ReadPaper Blog
Latent Reasoning with Normalizing Flows
The paper proposes NF-CoT, a framework for large language model reasoning that replaces verbose textual chain-of-thought with compact continuous latent thoughts while preserving the autoregressive interface that makes chain-of-thought useful. It uses normalizing flows inside the LLM causal stream so latent thoughts can be sampled left-to-right, assigned exact likelihoods, reused with KV-cache decoding, and optimized with supervised and policy-gradient objectives. The reported result is improved pass rates on code-generation benchmarks such as MBPP, MBPP+, HumanEval, HumanEval+, and LiveCodeBench v6 while reducing intermediate reasoning cost.
Source: Latent Reasoning with Normalizing Flows

Why Latent Reasoning?
The paper begins from the observation that chain-of-thought prompting improves large language model reasoning because it inserts intermediate variables between a prompt and a final answer. Its central problem is that explicit CoT represents those variables as discrete natural-language tokens, forcing every intermediate computation to be serialized, verbalized, and scored as text.
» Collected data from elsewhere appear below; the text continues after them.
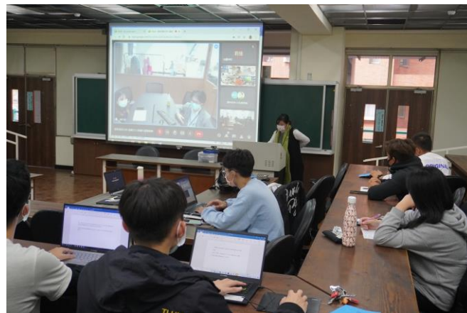
圖 4：第二年於暨大師生於校內課堂進行課程；企業與信大師生線上參與

相較於第一年的開放式討論，第二年學生的回應不僅更具創意，也展現出較高的可行性與實務連結性。惟課程安排於晚間進行，一定程度上限制了日本學生的參與人數，成為後續課程規劃中需持續調整的面向。
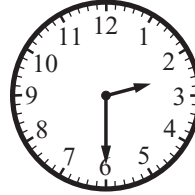
Son las dos y media.
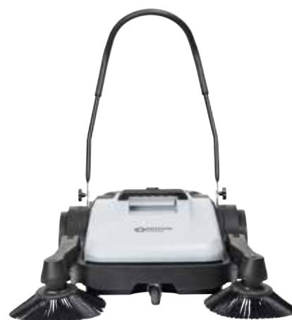
SW200 med én sidekost – og SW250 med to sidekoste – dækker en arbejdsbredde på hhv. 70 cm og 90 cm.

Den hurtige og produktive Nilfisk fejmaskine er ideel til rengøring i mindre fabrikker, parkeringsanlæg, indkøbscentre, skoler, værksteder, bus- og togstationer og udendørs arealer ved kontorbygninger.
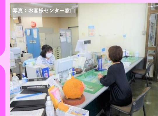
写真：お客様センター窓口
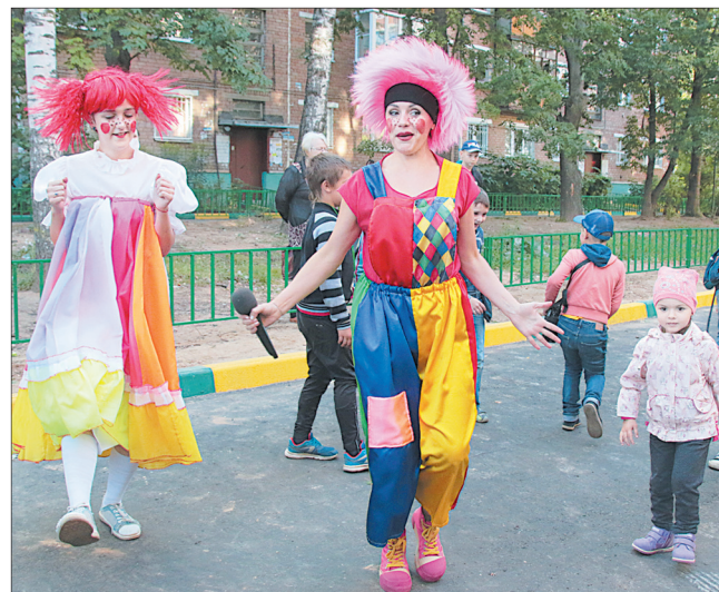
Праздник двора на улице Гоголя.

– С нами постоянно находился мальчонка из двора, – рассказывает рабочий, выполнявший ре-
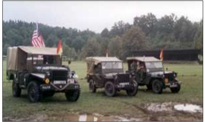
Členové Military car clubu předvedli část bojové techniky z druhé světové války
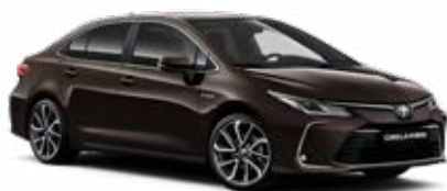
4W9 kávébarna* 145 000 Ft
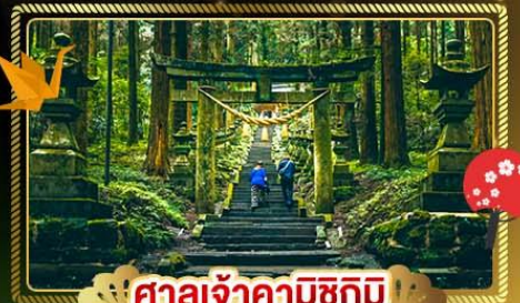
ศาลเจ้าคามิชิมิ
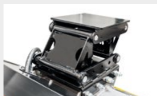
Lámina de acople con dispositivo de autonivelación para la excavadora
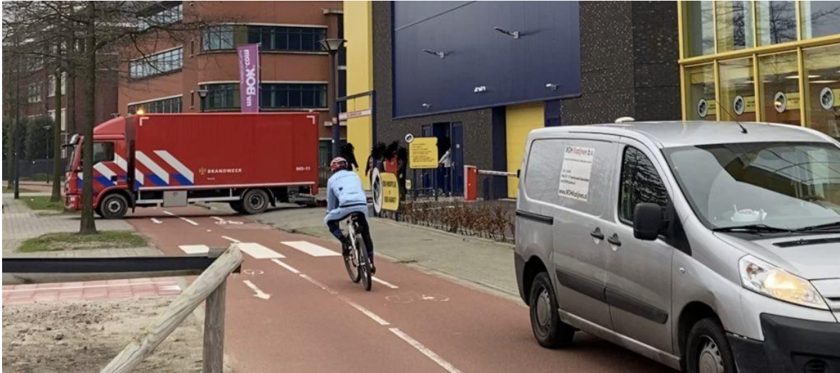
8. Lossen met blokkeren fietspad en trottoir.
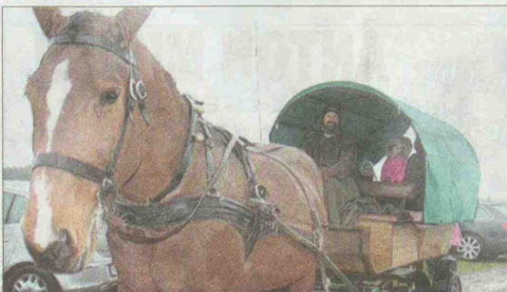
Ein Highlight: Die Fahrt mit der Pferdekutsche.
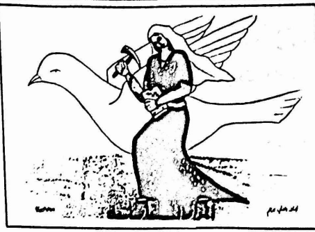
رسم: عدنان الزبيدي تطوير: نجلاء بندلي بروم

من جهة اخرى، تتزايد شكاوى الطلاب، من التدخل في شؤونهم مثل تقييد حرية الحركة لمجلس الطلاب، واتباع اساليب لا ديمقراطية في انتخابات المجلس، نعمت عنها عدم المشاركة الفعلية من الطلاب في انتخاب مجلسهم، ومنها منع الاجتماعات الطلابية الا باذن من الادارة واغلاق البوابات امام الزوار. الا بعد ابراز موياتهم
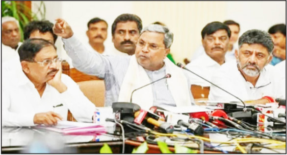
ತೀರ್ಪು ಮರುಪರಿಶೀಲಿಸಲು ಸುಪ್ರೀಂ ಕೋರ್ಟ್ ನಕಾರ

ಬೆಂಗಳೂರು: ಪರಿಶಿಷ್ಟ ಜಾತಿ (ಎಸ್.ಸಿ.)ಗಳಿಗೆ ಒಳಮೀಸಲಾತಿ ಜಾರಿಗೊಳಿಸಲು ಮತ್ತು ಈ ಸಂಬಂಧ ಹೈಕೋರ್ಟ್ ನಿವೃತ್ತ ನ್ಯಾಯಮೂರ್ತಿಗಳ ನೇತೃತ್ವದಲ್ಲಿ ಆಯೋಗ ರಚಿಸಲು ಸೋಮವಾರ ನಡೆದ ಸಚಿವ ಸಂಪುಟ ಸಭೆ ಒಪ್ಪಿಗೆ ನೀಡಿದೆ. ಸೋಮವಾರ ಮುಖ್ಯಮಂತ್ರಿ ಸಿದ್ದರಾಮಯ್ಯ ನೇತೃತ್ವದಲ್ಲಿ ನಡೆದ ಸಚಿವ ಸಂಪುಟ ಸಭೆಯ ಬಳಿಕ ಸುದ್ದಿಗೋಷ್ಠಿ ಉದ್ಘಾಟಿಸಿ ಮಾತನಾಡಿದ ಕಾನೂನು ಮತ್ತು ಸಂಸದೀಯ ವ್ಯವಹಾರಗಳ ಸಚಿವ ಎಚ್.ಕೆ. ಪಾಟೀಲ್ ಅವರು, ಒಳ ಮೀಸಲಾತಿ ಜಾರಿ ಸಂಬಂಧ ಹೈಕೋರ್ಟ್ ನಿವೃತ್ತ ನ್ಯಾಯಮೂರ್ತಿಗಳ ನೇತೃತ್ವದಲ್ಲಿ ಆಯೋಗ ರಚಿಸಲಾಗುವುದು ಎಂದರು. ಎಸ್.ಸಿ.ಗಳಿಗೆ ಒಳ ಮೀಸಲಾತಿ ಜಾರಿ ಮಾಡುವ ನಿಟ್ಟಿನಲ್ಲಿ ನಂಬಲಾರ್ಹ ದಾಖಲೆಗಳು ಹಾಗೂ ದತ್ತಾಂಶ ಸಂಗ್ರಹಿಸಲು ನಿವೃತ್ತ ನ್ಯಾಯಮೂರ್ತಿಗಳ ನೇತೃತ್ವದಲ್ಲಿ ಆಯೋಗ ರಚನೆ ಮಾಡಲು ನಿರ್ಧಾರ ಮಾಡಲಾಗಿದೆ. ಮೂರು ತಿಂಗಳಲ್ಲಿ ಆಯೋಗ ವರದಿ ನೀಡಲಿದೆ ಎಂದರು.
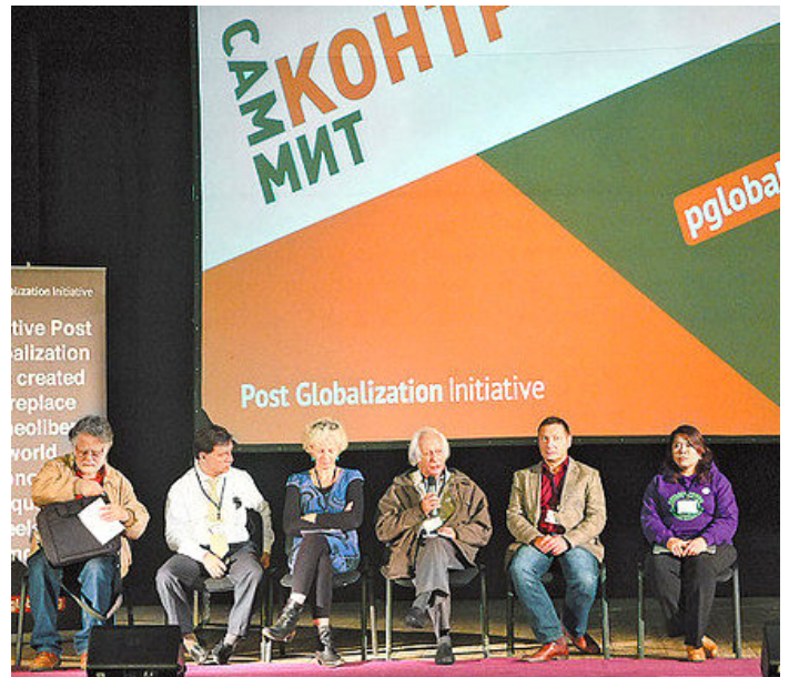
Выступает Самир Амин. Справа – Борис Кагарлицкий
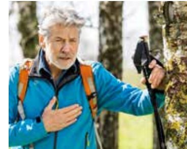
In der Freizeit
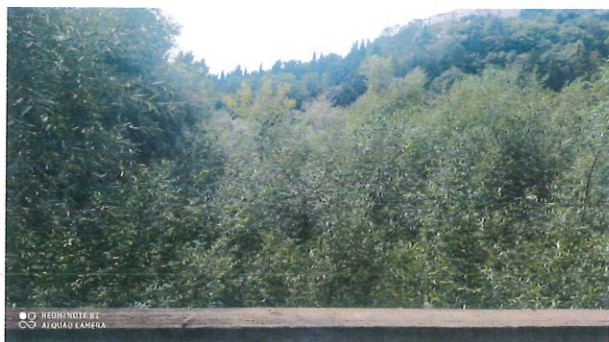
Tratto a valle della passerella pedonale

Importo complessivo progetto: € 100.000,00

The authors argue that this token-level representation is inefficient when the useful reasoning state may be semantic, uncertain, or only partially formed. Latent reasoning is presented as a higher-bandwidth alternative in which intermediate computation happens in compact continuous states before the model commits to answer tokens. The motivation is therefore not to discard chain-of-thought, but to retain its role as a sampled reasoning path while avoiding the verbosity and surface-form dependence of textual rationales.

The Missing Superpower
The paper identifies a key gap in prior latent-reasoning methods: many gain efficiency by moving into continuous space but lose properties that make explicit CoT compatible with standard autoregressive LLMs. Explicit CoT is naturally left-to-right, probabilistic, likelihood-scored, and compatible with ordinary decoding infrastructure such as the KV cache. Deterministic hidden-state methods such as Coconut keep reasoning close to the LLM but do not define a distribution over reasoning paths, while diffusion-style latent methods such as LaDiR introduce stochastic continuous latents but require iterative denoising and lack the same direct likelihood interface. NF-CoT is designed to make continuous thoughts behave more like language tokens from the model’s perspective. The paper frames the challenge as learning latent CoT without giving up native sampling, scoring, and decoding in the causal language-modeling stream.

NF-CoT’s Core Trick
The core method, NF-CoT, models continuous thoughts with normalizing flows so they can be sampled and scored autoregressively. The paper introduces an LLM-facing thought space, denoted as continuous thought tokens u1:K, whose prompt-conditioned distribution is modeled with a causal Gaussian density parameterized by functions of the prompt and previous thoughts. A shallow invertible flow maps encoder-derived continuous CoT targets e1:K into this u-space, preserving information equivalence while making the representation easier for autoregressive generation. Because the transformation is invertible and has a tractable Jacobian, the model can compute exact likelihoods for latent thoughts using the normalizing-flow change-of-variables formula. Architecturally, continuous-thought positions use an NF head to predict Gaussian parameters, while answer positions use the standard LM head, with both heads sharing the same LLM backbone and causal stream.

How Training Works
The training procedure distills explicit chain-of-thought supervision into continuous reasoning targets and then learns latent reasoning and answer generation jointly. The paper first uses a pretrained CoT encoder, described through a VAE-style continuous CoT setup, and freezes it so that explicit rationales can be converted into continuous targets e1:K. Shallow autoregressive flow blocks then reparameterize these targets into u1:K, and the LLM is trained with a unified supervised objective that combines flow negative log-likelihood for the latent thoughts with standard cross-entropy for the answer tokens. The authors describe a two-stage curriculum in which the LLM backbone is initially frozen while the shallow flow blocks and projection layers align the latent space, followed by end-to-end training of all parameters. The method also adds small Gaussian noise to deterministic target codes during flow training, following practices from TarFlow-style scalable normalizing flows to improve robustness.

What It Buys You
At inference time, NF-CoT samples continuous thoughts directly in u-space from the learned left-to-right autoregressive density, then switches to the LM head to generate the final answer in the same causal pass. The paper emphasizes that this design avoids running the training-time VAE branch and shallow flow blocks during decoding, while preserving compatibility with the original KV cache. In experiments on code-generation benchmarks including MBPP, MBPP+, HumanEval, HumanEval+, and LiveCodeBench v6, the authors report that NF-CoT improves pass rates over explicit-CoT and prior latent-reasoning baselines. They also report that the method substantially reduces intermediate-reasoning cost because the model no longer needs to emit long textual reasoning traces. A further implication is that exact latent likelihoods enable likelihood-based sampling and direct policy-gradient optimization in the continuous reasoning space, extending reinforcement-style refinement beyond discrete token traces.